Input handlers
There are four types of input handlers:
- Global input handler. This unique handler will handle every changed settable properties for all nodes
bool globalInputHandler(const HomieNode& node, const String& property, const HomieRange& range, const String& value) { } void setup() { Homie.setGlobalInputHandler(globalInputHandler); // before Homie.setup() // ... }
- Node input handlers. This handler will handle every changed settable properties of a specific node
bool nodeInputHandler(const String& property, const HomieRange& range, const String& value) { } HomieNode node("id", "type", nodeInputHandler);
- Virtual callback from node input handler
You can create your own class derived from HomieNode that implements the virtual method bool HomieNode::handleInput(const String& property, const String& value)
. The default node input handler then automatically calls your callback.

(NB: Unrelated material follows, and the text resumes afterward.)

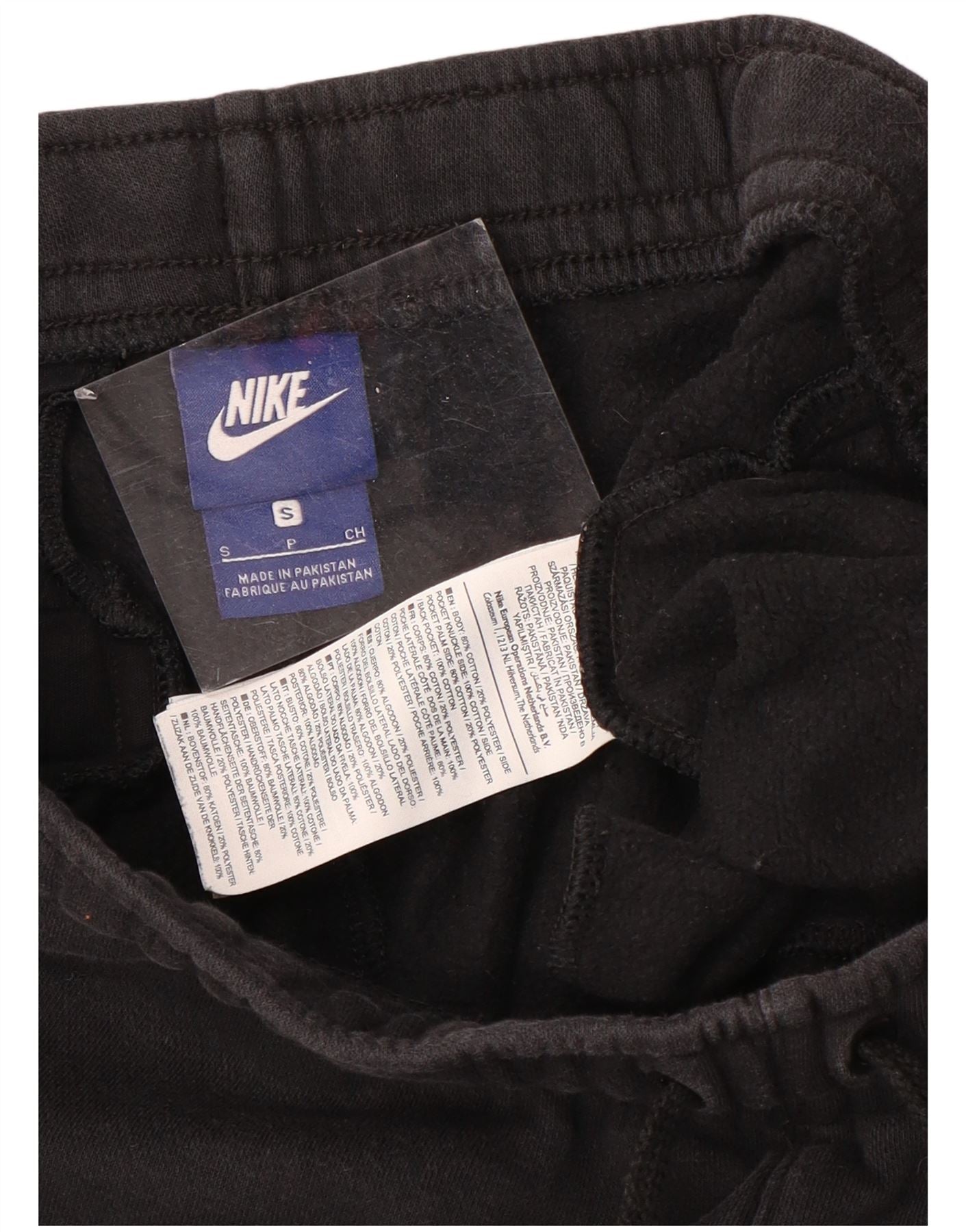 - Descrição da IA: As calças esportivas masculinas da Nike são feitas de um confortável tecido preto misturado, com 80% de algodão e 20% de poliéster para uma textura de lã macia. Eles oferecem um ajuste regular com cintura elástica e fecho de cordão ajustável para maior conforto. Bolsos laterais proporcionam armazenamento prático. Um detalhe sutil do logotipo da Nike está presente na perna, adicionando um toque atlético exclusivo.

class RelaisNode : public HomieNode { public: RelaisNode(): HomieNode("Relais", "switch8"); protected: virtual bool handleInput(const String& property, const HomieRange& range, const String& value) { } };
- Property input handlers. This handler will handle changes for a specific settable property of a specific node
bool propertyInputHandler(const HomieRange& range, const String& value) { } HomieNode node("id", "type"); void setup() { node.advertise("property").settable(propertyInputHandler); // before Homie.setup() // ... }
You can see that input handlers return a boolean. An input handler can decide whether or not it handled the message and want to propagate it down to other input handlers. If an input handler returns true
, the propagation is stopped, if it returns false
, the propagation continues. The order of propagation is global handler → node handler → property handler.
For example, imagine you defined three input handlers: the global one, the node one, and the property one. If the global input handler returns false
, the node input handler will be called. If the node input handler returns true
, the propagation is stopped and the property input handler won't be called. You can think of it as middlewares.